=== What you will do ===
Look below for the line containing "코스트코 설날 당일에" and the line containing "6.12.1 Buy Sadie", then set down both and every line between them exactly, without pictures.

=== Record extracts ===
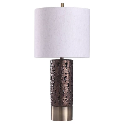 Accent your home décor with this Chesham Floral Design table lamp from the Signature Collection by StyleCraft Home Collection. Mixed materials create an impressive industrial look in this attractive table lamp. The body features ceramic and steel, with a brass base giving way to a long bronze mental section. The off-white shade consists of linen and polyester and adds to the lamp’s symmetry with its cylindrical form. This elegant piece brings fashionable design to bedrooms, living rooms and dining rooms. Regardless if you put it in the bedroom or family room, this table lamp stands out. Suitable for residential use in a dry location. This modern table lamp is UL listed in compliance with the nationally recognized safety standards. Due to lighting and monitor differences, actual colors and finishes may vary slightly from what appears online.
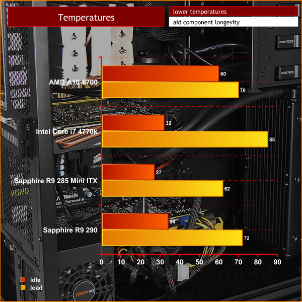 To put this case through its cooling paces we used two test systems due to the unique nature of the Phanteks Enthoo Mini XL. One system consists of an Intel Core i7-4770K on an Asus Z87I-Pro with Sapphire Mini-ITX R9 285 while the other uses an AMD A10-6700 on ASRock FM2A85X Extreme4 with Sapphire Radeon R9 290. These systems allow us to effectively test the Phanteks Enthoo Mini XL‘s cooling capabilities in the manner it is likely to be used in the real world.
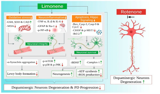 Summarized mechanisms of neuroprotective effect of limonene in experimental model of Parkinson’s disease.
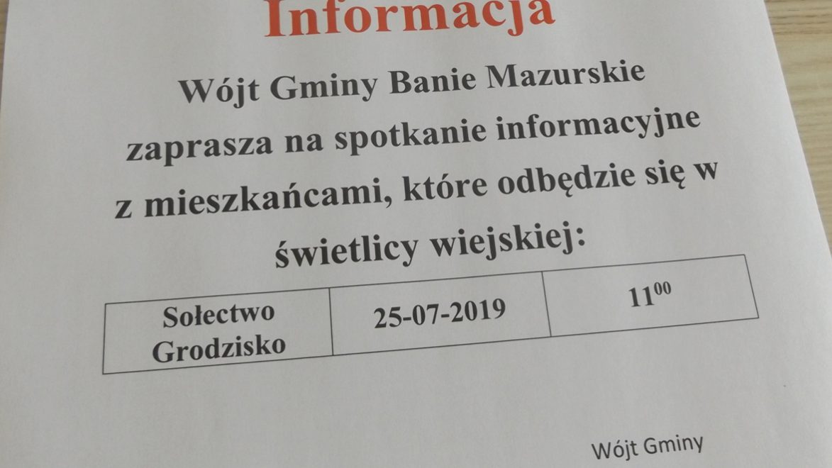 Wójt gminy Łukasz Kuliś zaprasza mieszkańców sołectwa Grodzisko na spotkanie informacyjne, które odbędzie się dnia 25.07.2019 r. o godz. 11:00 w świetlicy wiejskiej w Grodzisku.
==
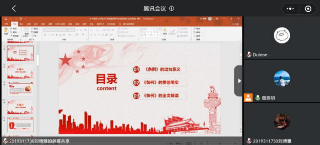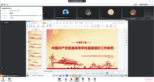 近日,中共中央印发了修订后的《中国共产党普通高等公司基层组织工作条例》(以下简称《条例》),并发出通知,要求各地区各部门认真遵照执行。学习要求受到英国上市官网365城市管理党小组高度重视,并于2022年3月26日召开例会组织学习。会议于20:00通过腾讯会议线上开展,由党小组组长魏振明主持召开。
==
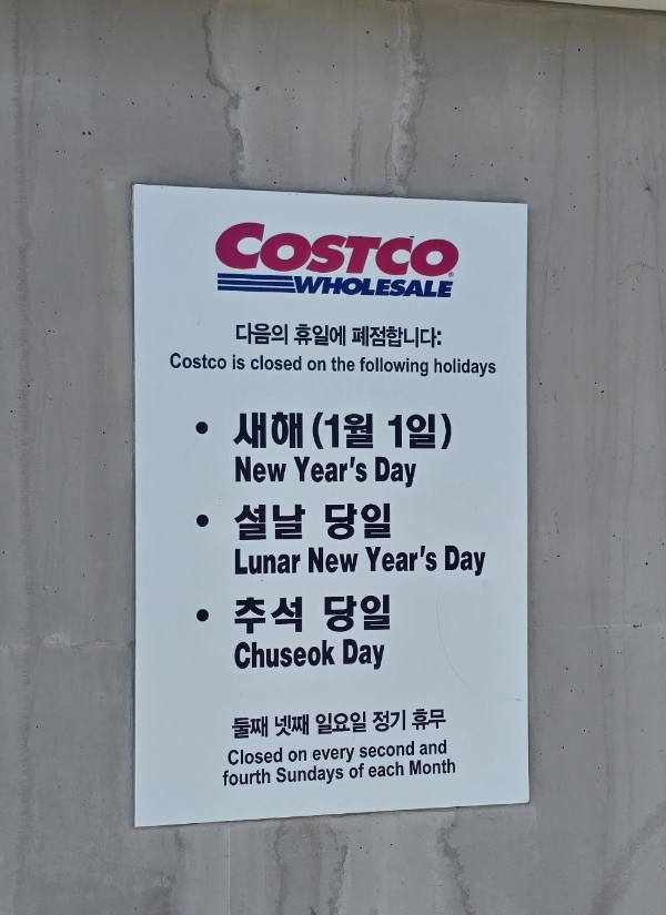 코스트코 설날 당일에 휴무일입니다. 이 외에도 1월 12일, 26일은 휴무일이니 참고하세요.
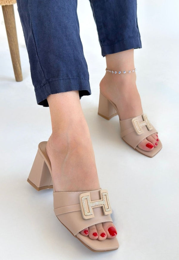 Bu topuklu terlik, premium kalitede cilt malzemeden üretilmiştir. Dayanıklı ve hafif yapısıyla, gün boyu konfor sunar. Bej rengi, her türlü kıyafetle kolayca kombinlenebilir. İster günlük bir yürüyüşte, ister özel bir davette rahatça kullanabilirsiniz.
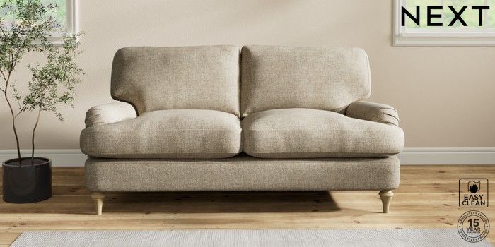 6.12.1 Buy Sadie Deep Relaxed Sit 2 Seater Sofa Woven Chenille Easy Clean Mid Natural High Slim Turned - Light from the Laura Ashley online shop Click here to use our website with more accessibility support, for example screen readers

=== Exercise solution ===
 코스트코 설날 당일에 휴무일입니다. 이 외에도 1월 12일, 26일은 휴무일이니 참고하세요.
 Bu topuklu terlik, premium kalitede cilt malzemeden üretilmiştir. Dayanıklı ve hafif yapısıyla, gün boyu konfor sunar. Bej rengi, her türlü kıyafetle kolayca kombinlenebilir. İster günlük bir yürüyüşte, ister özel bir davette rahatça kullanabilirsiniz.
 6.12.1 Buy Sadie Deep Relaxed Sit 2 Seater Sofa Woven Chenille Easy Clean Mid Natural High Slim Turned - Light from the Laura Ashley online shop Click here to use our website with more accessibility support, for example screen readers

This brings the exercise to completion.